Tegenwoordig zijn boeddhisten overal in Vietnam te vinden, van noord tot zuid. Het boeddhisme is de grootste georganiseerde religie in Vietnam. Boeddhistische festivals worden officieel gepromoot door de regering en er zijn weinig beperkingen in tegenstelling tot de christelijke, islamitische en andere religieuze tegenhangers. Onlangs liet het communistische regime in Vietnam belangrijke boeddhistische figuren het land binnenkomen. Thích Nhất Hạnh, een belangrijke boeddhistische figuur die zowel in Vietnam als wereldwijd wordt vereerd, behoort tot deze.
Beoefening
Volgelingen in Vietnam beoefenen verschillende tradities zonder enig probleem of gevoel van tegenstrijdigheid. Er zijn maar weinig Vietnamese boeddhisten die zichzelf zouden identificeren als een bepaald soort boeddhisme. Hoewel het Vietnamese boeddhisme geen sterke gecentraliseerde structuur heeft, is de praktijk in bijna elke tempel in het hele land vergelijkbaar.
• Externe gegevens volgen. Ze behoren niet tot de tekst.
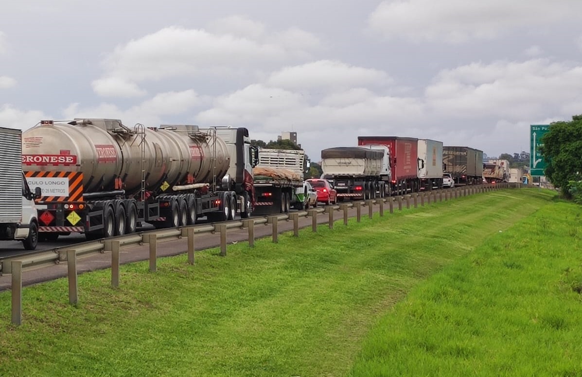 O protesto acontece no quilômetro 188 da via. Manifestantes usam caminhões para bloquear a pista. O local registra início de congestionamento. Somente carro está conseguindo passar. Segundo a Polícia Militar Rodoviária, o bloqueio começou por volta de 14h40, e é feito por caminhoneiros.
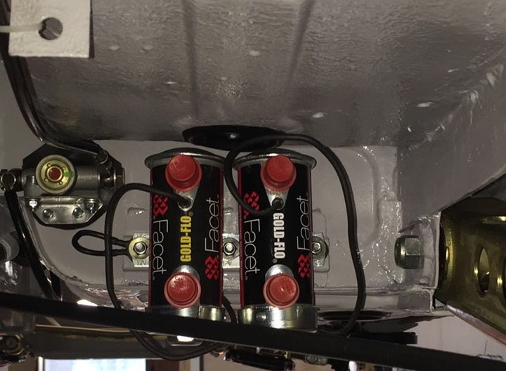 L’assemblaggio della vettura è iniziato con il posizionamento dei tubi, tutti ad alta tenuta con treccia esterna metallica e connessioni di tipo aeronautico, dei vari circuiti, idraulici per quanto riguarda alimentazione, lubrificazione e freni, così come dei cavi e accessori dell’impianto elettrico. Questo è stato realizzato ex novo utilizzando cavetti argentati, di sezione e peso minore grazie all’ottima conducibilità, con fusibili a riarmo e connettori di tipo aeronautico, in modo tale che possano essere rapidamente asportati (e poi ricollegati) vari elementi, tipo console o cruscotto, lasciando posizionato tutto il resto dell’impianto.
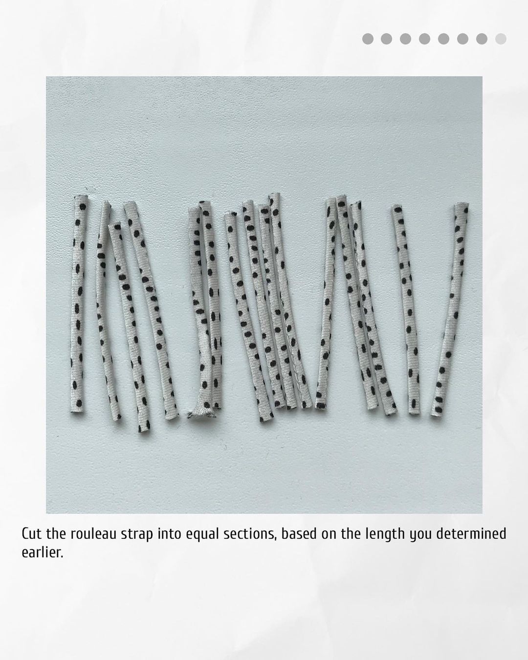 6️. Cut the rouleau strap into equal sections, based on the length you determined earlier.

Het verwerven van verdienste is de meest voorkomende en essentiële praktijk in het Vietnamese boeddhisme met de overtuiging dat bevrijding plaatsvindt met de hulp van boeddha's en bodhisattva's. Boeddhistische monniken chanten gewoonlijk soetra's, reciteren de namen van Boeddha's (in het bijzonder Amitabha ), doen berouw en bidden om wedergeboorte in het Zuivere Land.
De Lotus Soetra en de Amitabha Soetra zijn de meest gebruikte sutra's. De meeste soetra's en teksten zijn in klassiek Chinees en worden alleen gereciteerd met Sino-Xenische uitspraken, waardoor ze voor de meeste beoefenaars onbegrijpelijk zijn.
Drie diensten worden regelmatig bij zonsopgang, middag en zonsondergang beoefend. Ze omvatten sutra-lezing met niệm Phật en dhāraṇī- recitatie en loopmeditatie. Leken nemen soms deel aan de diensten in de tempel en sommige vrome boeddhisten oefenen de diensten thuis uit. Speciale diensten zoals Sam Nguyen en Sam Hoi vinden elke maand plaats op de volle maan en nieuwe maan. Niệm Phật-beoefening is een manier om berouw te hebben en slecht karma te zuiveren.
Boeddhistische tempels spelen ook een belangrijke rol bij doodsrituelen en begrafenissen onder overzeese Vietnamezen.